▶ _ABOUT THIS EXERCISE_: What is wanted is every line below from the one with "A really ancient" up to and including the one with "泡が窓ガラスにしっかりと密着", retyped exactly, pictures excluded, nothing else.
--- START ---
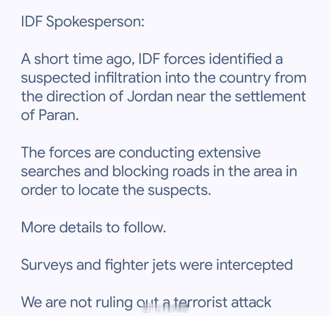 大量身份不明的武装人员已进入位于以色列与约旦边境的帕拉恩定居点,且能听到枪声。据以色列媒体报道,以色列的战斗机、无人机和特种部队已迅速赶往边境渗透事件发生地。海外新鲜事何天恩
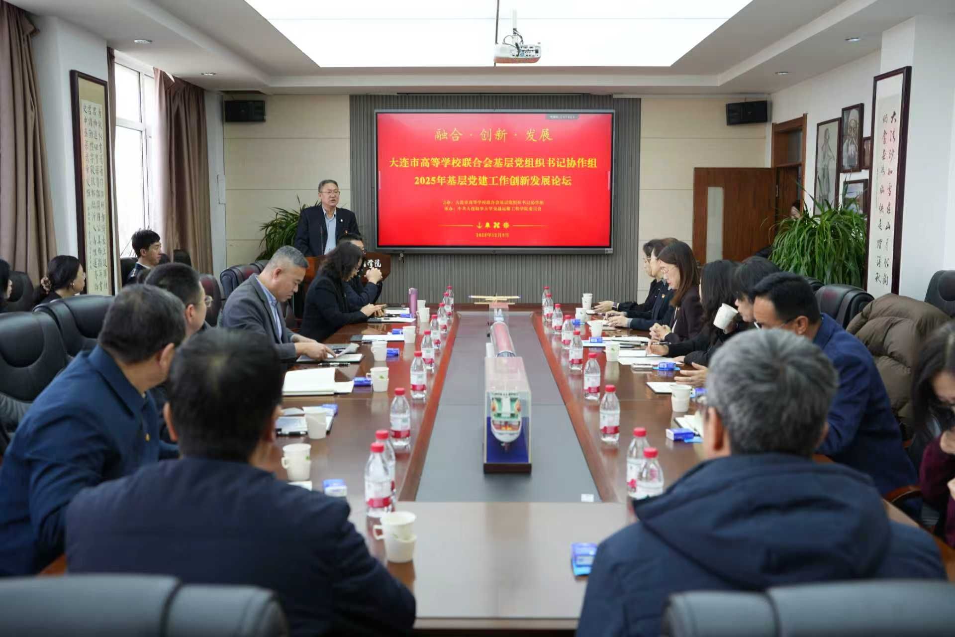12月5日,由大连市高等学校联合会基层党组织书记协作组主办、中共大连海事大学交通运输工程学院委员会承办的2025年基层党建工作创新发展论坛在大连海事大学举办。本次论坛以“融合・创新・发展——党建引领高等教育高质量发展”为主题,大连海事大学党委组织部部长沈晓波、大连市高等学校联合会秘书长吴颖应邀出席,来自大连市各高校的30余名基层党组织工作人员参加论坛,大连市高等学校联合会基层党组织书记协作组组长、大连海事大学交通运输工程学院党委书记张罕育主持论坛。
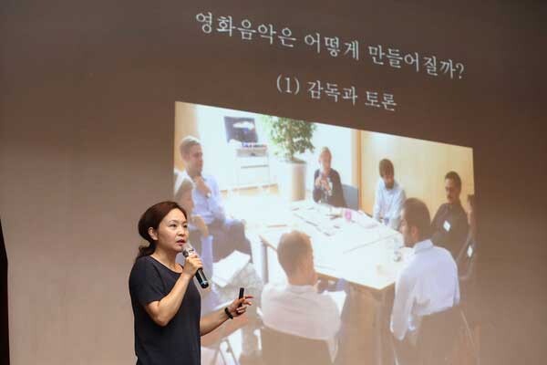 그는 ‘영화, 음악을 만나다’라는 주제로 음악이 어떻게 만들어지는지 그 과정을 설명하면서 강연을 시작했다. 다큐멘터리 ‘북극의 눈물’과 영화 ‘늑대 소년’의 영상을 본인이 작업한 음악과 함께 보여주면서 영화음악의 기능을 설명했다. 또한 자신이 영화음악가가 되기까지의 과정을 언급하며 “여자로서 어려운 일도 있었지만 끈기를 가지고 끝까지 버텼고 결국 사람들의 인정을 받아 내가 원하는 일을 할 수 있었다”라고 말했다.
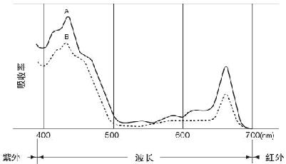 從圖中可以看出,葉綠素在藍色區(qū)域(400—500nm)和紅色區(qū)域(600—700nm)范圍內(nèi)吸收達到了峰值,但在近紅外區(qū)域卻沒有吸收。
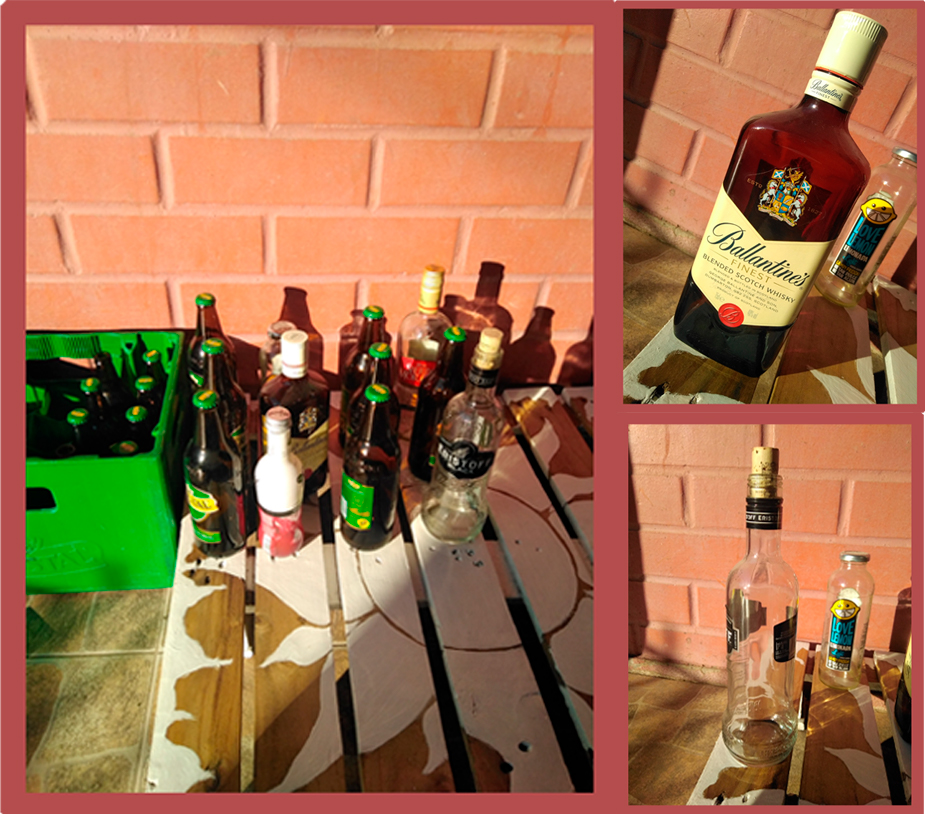 Como búsqueda de un material el cual estorbara en el hogar y pudiese tomar como un proyecto de reciclado, llegué a las botellas de vidrio. En este hogar las botellas de Vidrio abundan por todas partes, y es un hecho de que muchas de ellas son de licores, o sea, no retornables.
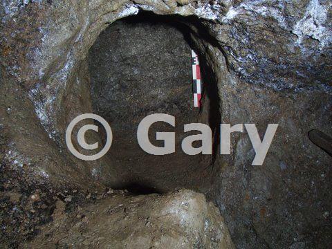 A really ancient back filled tunnel on the 6ftm level, not developed because it goes under neighbours land!!
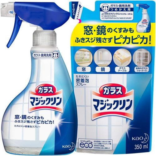 泡が窓ガラスにしっかりと密着し、花粉や手垢などの汚れをすっきりと落とせるガラスクリーナーであります。拭き取った後に透明な保護膜を作ることで、汚れや水滴が付きにくくなると謳われております。きれいな状態の窓をキープしやすいのが魅力でございます。
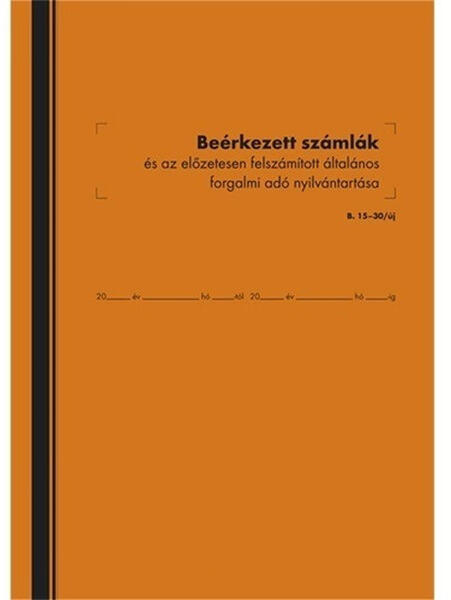 B. 15-30/UJ 50lapos 3 "Áfás beérkezett számlák és Áfa nyilván tartó" nyomtatvány - Beérkezett számlák nyilvántartása B. 15-30 - 50 lapos füzet - Termék kód: C. 3151-2/A - Méret: A/4, álló - A borító színe változhat!
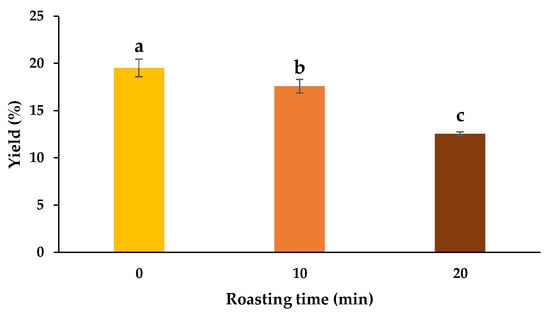 Mixed solvents, such as water and organic solvents, are commonly used to extract plant phenolics in various studies. However, the use of organic solvents will limit the application of such extracts in food processing due to safety concerns. Thus, in this study, we used water to extract water-soluble components from raw and roasted butterfly pea seeds. The yield of the aqueous extracts of raw and roasted seeds of butterfly pea is shown in Figure 1. The highest yield (19.52 ± 0.93%) was observed in the 0 min roasted seed extract, followed by the 10 min (17.59 ± 0.72%) and the 20 min roasted seed extract (12.55 ± 0.20%). The decrease in extraction yield after roasting is generally due to the occurrence of thermal denaturation of cellular components in the seeds and formation of water-insoluble materials through browning reaction [18]. Besides, excessive roasting can further lead to the breakdown of products and the reduction of volatile components [20,21].
--- END ---
▶ _EXERCISE SOLUTION_:
 A really ancient back filled tunnel on the 6ftm level, not developed because it goes under neighbours land!!
 泡が窓ガラスにしっかりと密着し、花粉や手垢などの汚れをすっきりと落とせるガラスクリーナーであります。拭き取った後に透明な保護膜を作ることで、汚れや水滴が付きにくくなると謳われております。きれいな状態の窓をキープしやすいのが魅力でございます。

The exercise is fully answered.